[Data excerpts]
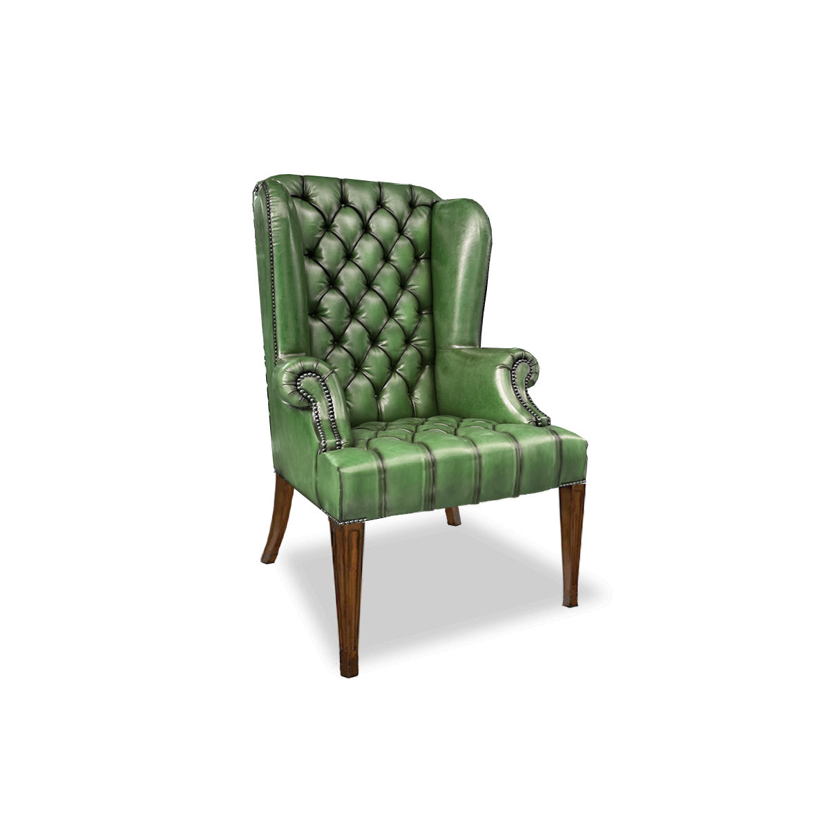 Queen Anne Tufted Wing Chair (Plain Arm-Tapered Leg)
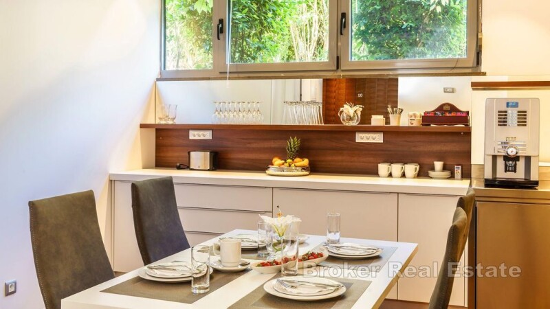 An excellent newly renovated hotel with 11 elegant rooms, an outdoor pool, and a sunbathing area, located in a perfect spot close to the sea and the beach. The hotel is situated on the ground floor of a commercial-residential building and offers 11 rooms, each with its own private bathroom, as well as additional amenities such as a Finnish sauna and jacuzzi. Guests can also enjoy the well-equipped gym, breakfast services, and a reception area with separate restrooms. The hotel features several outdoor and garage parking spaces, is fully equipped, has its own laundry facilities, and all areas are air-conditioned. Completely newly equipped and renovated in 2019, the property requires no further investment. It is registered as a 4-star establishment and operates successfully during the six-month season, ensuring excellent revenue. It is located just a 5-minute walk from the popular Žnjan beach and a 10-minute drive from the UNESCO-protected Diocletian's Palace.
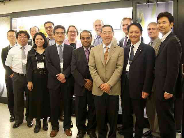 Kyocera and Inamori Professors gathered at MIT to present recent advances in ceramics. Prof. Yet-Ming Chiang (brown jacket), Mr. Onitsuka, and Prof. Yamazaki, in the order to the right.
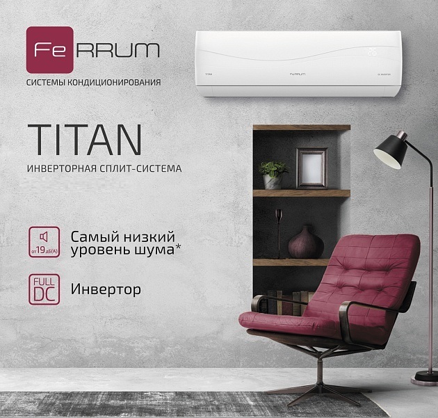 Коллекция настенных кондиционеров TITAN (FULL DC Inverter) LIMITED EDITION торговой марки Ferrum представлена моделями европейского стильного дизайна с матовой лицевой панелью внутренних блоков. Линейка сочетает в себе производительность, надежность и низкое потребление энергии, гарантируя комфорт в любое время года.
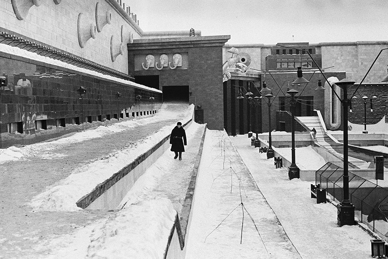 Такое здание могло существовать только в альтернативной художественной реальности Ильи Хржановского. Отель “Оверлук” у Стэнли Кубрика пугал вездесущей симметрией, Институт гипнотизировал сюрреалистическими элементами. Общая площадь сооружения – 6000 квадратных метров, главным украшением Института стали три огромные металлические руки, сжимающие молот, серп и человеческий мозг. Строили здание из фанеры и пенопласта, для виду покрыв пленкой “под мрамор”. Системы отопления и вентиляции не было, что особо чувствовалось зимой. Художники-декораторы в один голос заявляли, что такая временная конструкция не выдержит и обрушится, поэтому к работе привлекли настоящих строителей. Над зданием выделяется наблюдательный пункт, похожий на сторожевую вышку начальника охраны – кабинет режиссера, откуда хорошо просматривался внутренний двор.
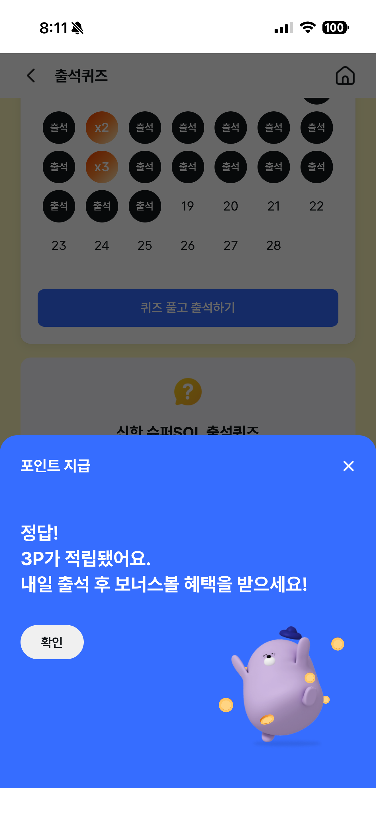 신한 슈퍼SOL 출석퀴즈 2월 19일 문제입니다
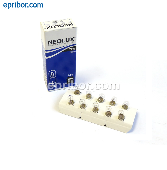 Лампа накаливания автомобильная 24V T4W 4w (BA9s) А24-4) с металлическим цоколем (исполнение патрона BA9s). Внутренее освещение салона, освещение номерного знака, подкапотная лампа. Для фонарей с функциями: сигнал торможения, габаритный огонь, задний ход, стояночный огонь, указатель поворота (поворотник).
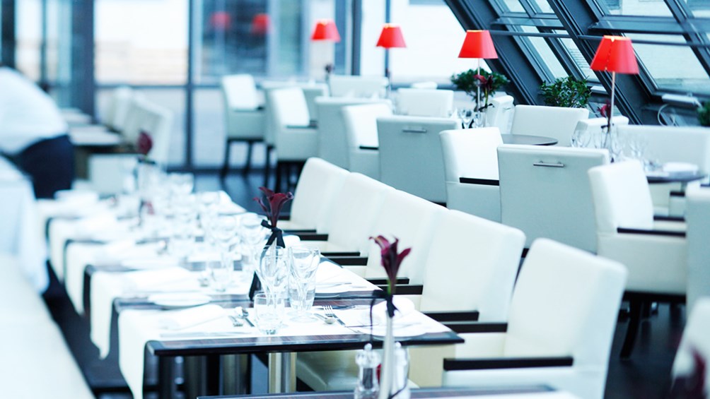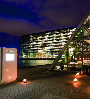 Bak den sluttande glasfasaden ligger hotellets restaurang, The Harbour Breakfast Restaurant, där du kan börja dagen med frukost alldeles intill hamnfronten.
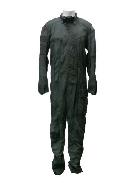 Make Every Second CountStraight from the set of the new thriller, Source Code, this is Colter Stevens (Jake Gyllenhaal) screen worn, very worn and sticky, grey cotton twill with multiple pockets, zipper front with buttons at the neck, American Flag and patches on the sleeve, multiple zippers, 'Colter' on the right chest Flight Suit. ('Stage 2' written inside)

#### WORK TO BE COMPLETED:
Exact copy, no pictures: write out all the records above.

#### SOLUTION:
 Queen Anne Tufted Wing Chair (Plain Arm-Tapered Leg)
 An excellent newly renovated hotel with 11 elegant rooms, an outdoor pool, and a sunbathing area, located in a perfect spot close to the sea and the beach. The hotel is situated on the ground floor of a commercial-residential building and offers 11 rooms, each with its own private bathroom, as well as additional amenities such as a Finnish sauna and jacuzzi. Guests can also enjoy the well-equipped gym, breakfast services, and a reception area with separate restrooms. The hotel features several outdoor and garage parking spaces, is fully equipped, has its own laundry facilities, and all areas are air-conditioned. Completely newly equipped and renovated in 2019, the property requires no further investment. It is registered as a 4-star establishment and operates successfully during the six-month season, ensuring excellent revenue. It is located just a 5-minute walk from the popular Žnjan beach and a 10-minute drive from the UNESCO-protected Diocletian's Palace.
 Kyocera and Inamori Professors gathered at MIT to present recent advances in ceramics. Prof. Yet-Ming Chiang (brown jacket), Mr. Onitsuka, and Prof. Yamazaki, in the order to the right.
 Коллекция настенных кондиционеров TITAN (FULL DC Inverter) LIMITED EDITION торговой марки Ferrum представлена моделями европейского стильного дизайна с матовой лицевой панелью внутренних блоков. Линейка сочетает в себе производительность, надежность и низкое потребление энергии, гарантируя комфорт в любое время года.
 Такое здание могло существовать только в альтернативной художественной реальности Ильи Хржановского. Отель “Оверлук” у Стэнли Кубрика пугал вездесущей симметрией, Институт гипнотизировал сюрреалистическими элементами. Общая площадь сооружения – 6000 квадратных метров, главным украшением Института стали три огромные металлические руки, сжимающие молот, серп и человеческий мозг. Строили здание из фанеры и пенопласта, для виду покрыв пленкой “под мрамор”. Системы отопления и вентиляции не было, что особо чувствовалось зимой. Художники-декораторы в один голос заявляли, что такая временная конструкция не выдержит и обрушится, поэтому к работе привлекли настоящих строителей. Над зданием выделяется наблюдательный пункт, похожий на сторожевую вышку начальника охраны – кабинет режиссера, откуда хорошо просматривался внутренний двор.
 신한 슈퍼SOL 출석퀴즈 2월 19일 문제입니다
 Лампа накаливания автомобильная 24V T4W 4w (BA9s) А24-4) с металлическим цоколем (исполнение патрона BA9s). Внутренее освещение салона, освещение номерного знака, подкапотная лампа. Для фонарей с функциями: сигнал торможения, габаритный огонь, задний ход, стояночный огонь, указатель поворота (поворотник).
 Bak den sluttande glasfasaden ligger hotellets restaurang, The Harbour Breakfast Restaurant, där du kan börja dagen med frukost alldeles intill hamnfronten.
 Make Every Second CountStraight from the set of the new thriller, Source Code, this is Colter Stevens (Jake Gyllenhaal) screen worn, very worn and sticky, grey cotton twill with multiple pockets, zipper front with buttons at the neck, American Flag and patches on the sleeve, multiple zippers, 'Colter' on the right chest Flight Suit. ('Stage 2' written inside)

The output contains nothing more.